Take a look at Red River Paper (http://www.redrivercatalog.com/). The have some really fine stock that performs well in Epson and Canon printers.


----------



## LouieSherwin (May 14, 2011)

Hi Wayne,

I really like Moab papers. They recently merged with Legion Paper and now also carry the excellent Somerset line too.

I usually purchase from InkJet Art because they have the best prices and huge selection of papers and ink. 

I generally use Inkpress Proofing Matte, about 32 cents for a 13x19 sheet to make my initial prints before going to the expensive art papers.

-louie


----------



## okuma (Jun 17, 2011)

Experiment with different papers.  I use Epson pro in my 3800.
Always use Epson ink in your printer.


----------



## Kimberly Cher Photography (Jun 18, 2011)

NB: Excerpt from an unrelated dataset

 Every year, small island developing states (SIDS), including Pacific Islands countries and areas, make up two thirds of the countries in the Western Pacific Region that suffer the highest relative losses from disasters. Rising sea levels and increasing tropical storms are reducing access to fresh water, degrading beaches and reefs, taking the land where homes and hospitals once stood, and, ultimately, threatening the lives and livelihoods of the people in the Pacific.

you can contact Epson directly and they will send you actual images printed from the new 3800 and 4800 and 9000 series. They print them on different styles, fine art, luster and a couple others. They will send you a 2011 media book too giving you all types of paper that will fit your exact printer and the aprox. cost. Epson has WONDERFUL papers. But the book they send out doesnt have samples of all the papers they have, but you'll get several sent to you by Epson themselves. I want that printer sooo badly, I have the Epson 2200 and that thing is amazing. Ive not printed in forever, I need to turn that thing on and run a few prints to make sure it still works. Been siting for like a year. But, ive seen the prints like I said and you are so lucky to have the ne 3800, the black and whites from that printer are enough to knock your socks off!! you are so lucky! yes, moab sends out every inexpensive paper pack samples (or its free, dont remember) and redriver has TONS of paper and you can buy a bunch of sample types too.


----------



## simonb (Aug 23, 2011)

I have been trying quite a number of photo papers already and have come up with 3 top choices.  Though the glossy hp advanced photo paper are really good, they are bit in the pricey side at $35 for 100 sheets.  

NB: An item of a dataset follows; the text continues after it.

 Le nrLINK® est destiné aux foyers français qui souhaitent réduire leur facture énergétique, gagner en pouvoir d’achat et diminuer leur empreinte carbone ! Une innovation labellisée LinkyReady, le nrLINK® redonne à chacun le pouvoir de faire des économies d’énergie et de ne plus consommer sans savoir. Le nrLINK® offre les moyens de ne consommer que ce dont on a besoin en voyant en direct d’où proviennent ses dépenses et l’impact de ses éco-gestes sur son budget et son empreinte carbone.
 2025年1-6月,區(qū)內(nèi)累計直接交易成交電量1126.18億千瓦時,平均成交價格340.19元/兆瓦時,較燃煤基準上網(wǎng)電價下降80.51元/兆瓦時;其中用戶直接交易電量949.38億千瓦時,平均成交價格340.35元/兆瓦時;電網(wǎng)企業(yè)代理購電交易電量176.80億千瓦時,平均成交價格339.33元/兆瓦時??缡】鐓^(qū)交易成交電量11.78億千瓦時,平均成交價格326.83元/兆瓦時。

I have used Canon photo paper plus glossy 2 as well and they are quite nice already.  They are tagged at $19 but I was able to get them for under 10 in Amazon once.  Kodak's line also seems to be getting quite good reviews but never got to try them yet.


----------



## johnbeardy (Aug 23, 2011)

Wayne, as you're in the UK, look at Permajet's range, especially the Fibre papers. They supply free printer profiles to customers too.

John


----------



## Big W (Aug 23, 2011)

Thanks Simonb and John, I have tried Epson Own Premium Glosss, and Matt, got some great results. I have had quite a few friends recomend the Permajet range, so going to order some now. 

Wayne


----------